At its core, video games can be broken down into a few main components: 

  1. Game logic: the brain of the game 

  2. Visual design: what you see on the screen 

  3. Physics engine: the realistic physics within the game 

Now within this main structure you also have: 

  1. Audio design- sound effects, music, etc. 

  2. Networking for multiplayer functionality 

  3. A.I. that controls NPCs and Professor Chih-Pu breaks this down beautifully in our A.I. discussion but essentially you have: 

    1. Rule based A.I. - which is a “if this/ then that” structure. If a player comes within 30 feet of the NPC, Then the NPC will attack the player. 

    2. Script based A.I. - which can look like linear dialogue or branched dialogue. 

    3. Then there's data fed model based A.I. that can be trained on vast amounts of data which essentially learns patterns and relationships within the data to generate new dialogue, control characters, and make decisions within the game. And Reinforced Learning A.I. that learns and adapts through experiences within the game.  


A.I. models have been learning through experiences within games for a while now. Star Craft II, Minecraft, Atari, Doom are all games that have been used to train A.I. 


Simulation Solutions

Simulation solutions are no different than a video game at its core, but I want to shed some light on possible applications beyond the classic rule based and script based A.I. integration.  

This is a bird's eye view since we can go for hours into the specifics of application and this presentation is designed to engage you in critical thought and the evolution of A.I. can increase the possibilities might be appropriate to enhance your services and pull you out from the crowd.  
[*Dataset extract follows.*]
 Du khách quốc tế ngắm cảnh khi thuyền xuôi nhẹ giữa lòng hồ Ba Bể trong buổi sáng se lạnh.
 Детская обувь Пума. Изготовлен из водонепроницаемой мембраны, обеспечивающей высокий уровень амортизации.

Reinforced learning A.I. in military simulation programs can present dynamic opponents and allies. AI can populate virtual cities with realistic enemy combatants and civilians. AI-controlled characters can adapt their behavior based on the trainees' actions. A.I can learn from its own experience and adapt to the environment which can give the scenario the unpredictability it may need beyond rule based and script based A.I. because the world doesn't necessarily follow rules and scripts. 
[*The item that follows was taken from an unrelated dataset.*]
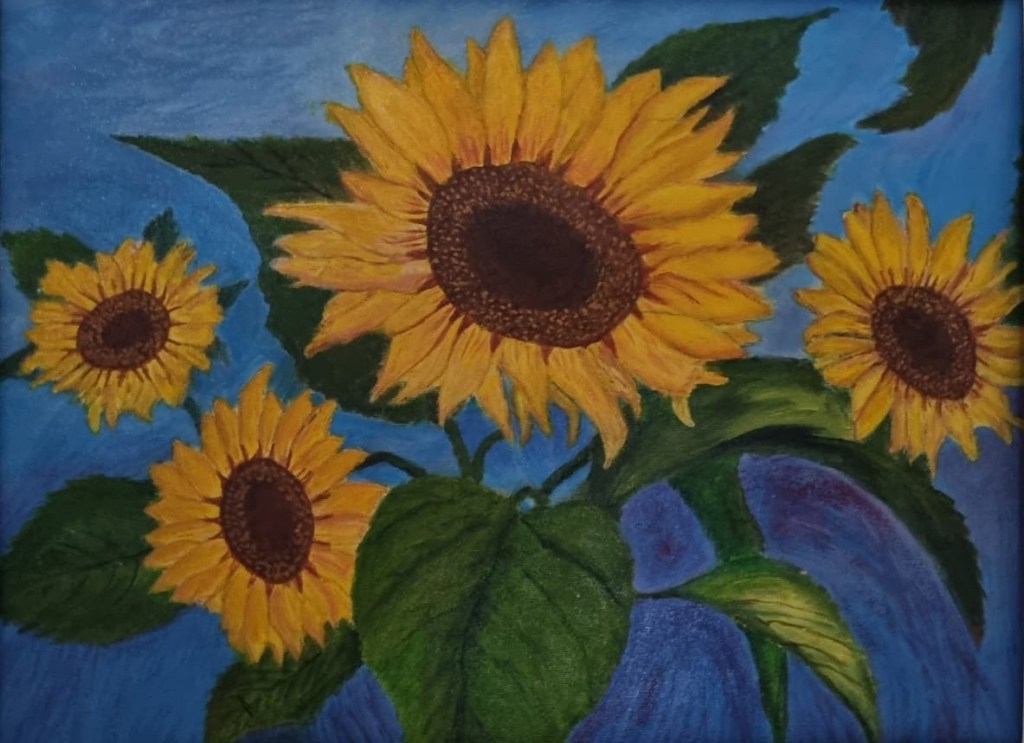 One of my mam’s incredible paintings, ‘The Sunflowers’ which greeted me in Connie’s beautiful home in Kenmare. I was on my way to a ‘Dark Skies Event in Skelligs on Thursday 27th. march and popped in to say hello. How happy was I to gaze on one of mam’s lovely paintings.

First Responder application can be implemented similarly. Imagine large-scale crisis scenarios where A.I. goes beyond scripts. The A.I. can manage large numbers of virtual casualties with varying injuries and medical needs. The trainee can practice triage protocols, resource allocation, coordinate response, but the A.I. model doesn't only control the NPCs, it can also govern the casualty conditions based on treatment decisions. Improper care can simulate the worsening of the casualty condition. This can trigger secondary effects like internal bleeding or shock and potentially a virtual death if left untreated. You can witness the impact of your decisions.   

You might be asking yourself, well what's wrong with script and rule based A.I. in a modular training program. Nothing is wrong with it. Humans can design and program aspects of these simulations thought linear or branched pathways to achieve training goals, however, I want to present the thought of implementation as A.I. evolves.

Machine learning and reinforced learning have several advantages when appropriately applied so here are my top 3. 


  1. Scalability: Creating human responses through pre-programmed scenarios can be immensely complex and time-consuming, reinforcement learning or machine learning A.I. can streamline training scenario creation. 

  2. Complexity of scenarios: Making training more realistic and unpredictable. 

  3. Personalized training: A.I. can identify a trainee's zone of proximal development and then tailor the scenarios to maximize progress within that zone.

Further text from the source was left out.